View larger version (61K): [in this window] [in a new window]   Figure 1. A 60-year-old woman treated for breast carcinoma with chronic lymphoedema and cutaneous angiosarcoma of upper limb. (a) Ulcerated lesion on the dorsum of forearm (arrow) with multiple surrounding satellite lesions (arrowhead) on a background of indurated lymphoedema. (b) Haematoxylin–eosin-stained photomicrograph, original magnification x200, shows the tumour with sparse vessels (arrowhead) and diffuse fibrous stroma (arrow).

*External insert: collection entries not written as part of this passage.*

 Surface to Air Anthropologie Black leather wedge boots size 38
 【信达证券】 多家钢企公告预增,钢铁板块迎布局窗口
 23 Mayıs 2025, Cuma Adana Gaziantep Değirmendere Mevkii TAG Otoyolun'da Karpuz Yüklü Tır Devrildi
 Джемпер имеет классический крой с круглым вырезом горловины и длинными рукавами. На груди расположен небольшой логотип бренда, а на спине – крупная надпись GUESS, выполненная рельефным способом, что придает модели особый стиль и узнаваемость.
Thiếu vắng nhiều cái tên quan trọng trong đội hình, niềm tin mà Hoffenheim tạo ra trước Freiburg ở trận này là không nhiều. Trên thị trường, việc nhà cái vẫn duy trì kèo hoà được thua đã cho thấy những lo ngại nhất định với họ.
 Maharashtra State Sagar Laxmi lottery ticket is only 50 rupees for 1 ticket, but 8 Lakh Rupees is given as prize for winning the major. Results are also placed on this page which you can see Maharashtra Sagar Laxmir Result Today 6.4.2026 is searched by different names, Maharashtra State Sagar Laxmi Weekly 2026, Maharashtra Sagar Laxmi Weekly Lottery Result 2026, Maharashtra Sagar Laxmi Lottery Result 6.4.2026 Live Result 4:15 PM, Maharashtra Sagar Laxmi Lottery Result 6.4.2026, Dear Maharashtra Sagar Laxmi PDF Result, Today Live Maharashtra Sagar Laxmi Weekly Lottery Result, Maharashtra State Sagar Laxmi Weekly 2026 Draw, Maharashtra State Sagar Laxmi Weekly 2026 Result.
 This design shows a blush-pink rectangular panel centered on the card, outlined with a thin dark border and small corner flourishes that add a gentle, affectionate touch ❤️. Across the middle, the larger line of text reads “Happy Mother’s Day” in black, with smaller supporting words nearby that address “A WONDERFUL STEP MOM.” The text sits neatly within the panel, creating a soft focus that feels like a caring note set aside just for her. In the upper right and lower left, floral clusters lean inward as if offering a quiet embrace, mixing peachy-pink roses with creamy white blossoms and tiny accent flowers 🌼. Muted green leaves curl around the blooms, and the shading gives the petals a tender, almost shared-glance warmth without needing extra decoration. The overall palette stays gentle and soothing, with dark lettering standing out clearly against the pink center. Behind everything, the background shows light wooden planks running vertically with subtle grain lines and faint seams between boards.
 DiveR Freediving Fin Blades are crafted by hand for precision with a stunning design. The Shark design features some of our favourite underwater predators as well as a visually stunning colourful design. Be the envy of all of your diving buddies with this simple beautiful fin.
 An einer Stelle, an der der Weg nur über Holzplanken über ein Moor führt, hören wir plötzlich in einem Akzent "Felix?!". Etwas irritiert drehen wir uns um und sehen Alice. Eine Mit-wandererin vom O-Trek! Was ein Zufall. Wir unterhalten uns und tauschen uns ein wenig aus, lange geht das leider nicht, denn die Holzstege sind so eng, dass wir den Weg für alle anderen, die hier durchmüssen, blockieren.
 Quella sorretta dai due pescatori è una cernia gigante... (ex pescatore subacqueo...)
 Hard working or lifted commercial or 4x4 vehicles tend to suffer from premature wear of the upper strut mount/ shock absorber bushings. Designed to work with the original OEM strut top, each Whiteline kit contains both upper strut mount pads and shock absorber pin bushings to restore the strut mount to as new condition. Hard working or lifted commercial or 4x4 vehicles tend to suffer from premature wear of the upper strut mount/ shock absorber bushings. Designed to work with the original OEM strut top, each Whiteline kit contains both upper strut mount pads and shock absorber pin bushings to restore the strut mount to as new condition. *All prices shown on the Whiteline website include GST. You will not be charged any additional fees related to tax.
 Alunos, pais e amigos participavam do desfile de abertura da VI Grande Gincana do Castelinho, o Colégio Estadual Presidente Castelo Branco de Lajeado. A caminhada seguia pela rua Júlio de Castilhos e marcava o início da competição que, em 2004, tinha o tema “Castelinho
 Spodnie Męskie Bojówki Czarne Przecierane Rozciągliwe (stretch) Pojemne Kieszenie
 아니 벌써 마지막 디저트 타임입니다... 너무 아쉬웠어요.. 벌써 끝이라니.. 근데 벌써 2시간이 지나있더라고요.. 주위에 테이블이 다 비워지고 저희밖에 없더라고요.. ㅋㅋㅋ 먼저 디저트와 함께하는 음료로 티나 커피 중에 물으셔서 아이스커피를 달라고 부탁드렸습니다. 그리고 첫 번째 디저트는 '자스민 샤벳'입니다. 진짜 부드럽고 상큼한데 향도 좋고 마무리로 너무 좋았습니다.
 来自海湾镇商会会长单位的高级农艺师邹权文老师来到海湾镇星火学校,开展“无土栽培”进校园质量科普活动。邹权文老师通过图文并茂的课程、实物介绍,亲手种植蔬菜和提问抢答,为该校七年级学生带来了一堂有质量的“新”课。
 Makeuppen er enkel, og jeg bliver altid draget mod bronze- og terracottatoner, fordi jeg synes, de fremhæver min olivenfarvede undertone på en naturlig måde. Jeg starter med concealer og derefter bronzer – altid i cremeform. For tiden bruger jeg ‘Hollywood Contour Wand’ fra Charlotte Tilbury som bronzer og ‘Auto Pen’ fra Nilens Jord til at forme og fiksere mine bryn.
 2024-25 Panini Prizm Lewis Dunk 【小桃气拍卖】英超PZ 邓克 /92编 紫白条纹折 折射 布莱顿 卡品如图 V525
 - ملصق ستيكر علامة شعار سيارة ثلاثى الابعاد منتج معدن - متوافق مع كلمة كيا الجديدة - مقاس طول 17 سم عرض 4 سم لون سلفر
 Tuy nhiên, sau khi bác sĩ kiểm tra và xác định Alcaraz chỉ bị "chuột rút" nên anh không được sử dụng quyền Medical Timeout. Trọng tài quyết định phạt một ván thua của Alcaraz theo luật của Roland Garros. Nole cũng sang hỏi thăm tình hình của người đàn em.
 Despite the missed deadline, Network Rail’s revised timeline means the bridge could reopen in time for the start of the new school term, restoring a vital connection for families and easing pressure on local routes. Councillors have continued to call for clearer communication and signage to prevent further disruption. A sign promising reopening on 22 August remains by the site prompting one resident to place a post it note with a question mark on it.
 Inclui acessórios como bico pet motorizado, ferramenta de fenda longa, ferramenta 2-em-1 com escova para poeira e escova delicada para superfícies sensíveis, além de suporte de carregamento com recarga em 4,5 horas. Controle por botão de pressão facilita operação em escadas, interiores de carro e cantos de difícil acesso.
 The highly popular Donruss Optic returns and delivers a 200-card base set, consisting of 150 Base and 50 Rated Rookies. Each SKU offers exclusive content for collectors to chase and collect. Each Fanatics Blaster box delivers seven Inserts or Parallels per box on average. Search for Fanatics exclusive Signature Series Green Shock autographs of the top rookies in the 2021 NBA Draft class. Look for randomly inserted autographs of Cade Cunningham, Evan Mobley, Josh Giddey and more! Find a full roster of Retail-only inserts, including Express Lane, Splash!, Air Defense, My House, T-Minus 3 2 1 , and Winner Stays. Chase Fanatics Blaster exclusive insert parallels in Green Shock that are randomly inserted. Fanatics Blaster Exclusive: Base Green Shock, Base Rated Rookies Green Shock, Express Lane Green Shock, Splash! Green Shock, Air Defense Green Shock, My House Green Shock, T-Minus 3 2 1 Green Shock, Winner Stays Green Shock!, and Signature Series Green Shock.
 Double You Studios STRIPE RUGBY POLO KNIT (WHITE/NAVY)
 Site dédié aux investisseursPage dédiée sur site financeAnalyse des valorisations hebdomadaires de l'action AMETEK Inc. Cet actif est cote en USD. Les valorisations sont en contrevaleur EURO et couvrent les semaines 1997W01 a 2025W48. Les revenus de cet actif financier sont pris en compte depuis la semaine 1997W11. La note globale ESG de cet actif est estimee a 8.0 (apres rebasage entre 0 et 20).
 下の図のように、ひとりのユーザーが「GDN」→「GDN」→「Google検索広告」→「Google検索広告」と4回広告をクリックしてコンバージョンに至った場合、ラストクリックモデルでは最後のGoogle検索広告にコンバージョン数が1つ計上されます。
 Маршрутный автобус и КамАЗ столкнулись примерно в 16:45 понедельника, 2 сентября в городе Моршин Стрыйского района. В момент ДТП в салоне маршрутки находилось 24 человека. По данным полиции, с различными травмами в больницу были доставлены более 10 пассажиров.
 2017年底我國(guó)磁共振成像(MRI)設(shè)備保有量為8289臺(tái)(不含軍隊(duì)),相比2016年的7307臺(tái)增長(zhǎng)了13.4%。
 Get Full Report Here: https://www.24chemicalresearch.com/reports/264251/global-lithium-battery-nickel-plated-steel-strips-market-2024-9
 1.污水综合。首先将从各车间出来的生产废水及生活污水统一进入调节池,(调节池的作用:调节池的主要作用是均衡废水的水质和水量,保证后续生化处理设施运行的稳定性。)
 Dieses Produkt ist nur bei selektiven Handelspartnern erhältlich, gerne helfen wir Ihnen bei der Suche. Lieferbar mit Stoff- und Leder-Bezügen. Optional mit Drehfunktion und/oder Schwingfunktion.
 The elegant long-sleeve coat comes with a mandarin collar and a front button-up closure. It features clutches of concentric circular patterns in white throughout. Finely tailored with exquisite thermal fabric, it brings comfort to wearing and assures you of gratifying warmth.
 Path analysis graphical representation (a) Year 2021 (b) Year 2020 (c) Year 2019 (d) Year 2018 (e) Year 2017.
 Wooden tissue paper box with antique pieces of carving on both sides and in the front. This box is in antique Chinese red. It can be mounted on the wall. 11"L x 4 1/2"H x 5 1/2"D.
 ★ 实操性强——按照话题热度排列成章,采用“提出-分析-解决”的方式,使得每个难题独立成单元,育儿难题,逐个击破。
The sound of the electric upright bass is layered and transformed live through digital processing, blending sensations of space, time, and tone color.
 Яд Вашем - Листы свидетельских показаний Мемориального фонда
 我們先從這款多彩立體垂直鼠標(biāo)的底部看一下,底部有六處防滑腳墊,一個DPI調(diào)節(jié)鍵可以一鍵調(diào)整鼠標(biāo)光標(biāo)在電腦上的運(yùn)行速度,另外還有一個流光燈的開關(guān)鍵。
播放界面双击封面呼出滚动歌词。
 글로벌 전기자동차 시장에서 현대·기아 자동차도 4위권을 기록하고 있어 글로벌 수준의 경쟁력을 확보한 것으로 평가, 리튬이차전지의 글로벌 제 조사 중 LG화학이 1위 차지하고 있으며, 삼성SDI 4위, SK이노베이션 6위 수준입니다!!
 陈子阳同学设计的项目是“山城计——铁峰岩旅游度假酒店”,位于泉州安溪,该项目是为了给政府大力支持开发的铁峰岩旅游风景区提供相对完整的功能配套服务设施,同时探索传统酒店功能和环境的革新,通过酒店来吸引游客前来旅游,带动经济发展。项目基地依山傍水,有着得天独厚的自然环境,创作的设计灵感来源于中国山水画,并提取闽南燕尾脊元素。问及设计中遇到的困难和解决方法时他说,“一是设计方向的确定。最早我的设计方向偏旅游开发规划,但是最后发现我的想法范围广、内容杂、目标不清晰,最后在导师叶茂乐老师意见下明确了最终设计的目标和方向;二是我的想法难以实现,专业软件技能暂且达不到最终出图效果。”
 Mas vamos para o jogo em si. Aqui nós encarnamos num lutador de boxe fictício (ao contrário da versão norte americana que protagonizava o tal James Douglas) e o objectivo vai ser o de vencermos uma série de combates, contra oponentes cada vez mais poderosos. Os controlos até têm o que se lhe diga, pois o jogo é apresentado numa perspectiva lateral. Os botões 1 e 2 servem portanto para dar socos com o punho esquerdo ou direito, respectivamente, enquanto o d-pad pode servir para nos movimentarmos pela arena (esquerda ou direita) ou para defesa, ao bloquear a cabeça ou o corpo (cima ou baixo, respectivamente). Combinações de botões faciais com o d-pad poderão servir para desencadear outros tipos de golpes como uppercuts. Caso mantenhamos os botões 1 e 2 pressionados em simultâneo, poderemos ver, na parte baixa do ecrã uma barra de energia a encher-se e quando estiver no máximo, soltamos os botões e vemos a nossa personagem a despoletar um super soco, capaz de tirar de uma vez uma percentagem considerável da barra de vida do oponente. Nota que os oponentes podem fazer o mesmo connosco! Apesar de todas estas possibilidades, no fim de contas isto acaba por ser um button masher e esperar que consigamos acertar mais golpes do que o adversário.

MRI showed lymphoedema of the arm as a diffuse increased signal on T₂ weighted images in the fascial planes, skin and subcutaneous fat of the arm with low T₂ signal dermal-based nodular tumour (Figure 2a). The tumour was intermediate signal on T₁ (Figure 2b) measuring 13 mm in depth along the volar aspect of the forearm. There was diffuse enhancement of the lesion following contrast (Figure 2c,d). This lesion did not invade the underlying muscle or bone. The extent of skin involvement by the tumour and presence of satellite nodules was determined using the low signal on T₂ of the tumour relative to the high signal surrounding oedematous tissues. The tumour was also delineated by relative increased enhancement following contrast compared with adjacent subcutaneous fat and muscle. There was no evidence of metastatic disease on other imaging, including CT of the chest. The patient subsequently had an above-elbow upper-limb amputation without post-operative complications. Pathology confirmed that there was no tumour invasion of adjacent muscle or bone. Three months following surgery, the patient has had no local recurrence or metastases but will be routinely monitored.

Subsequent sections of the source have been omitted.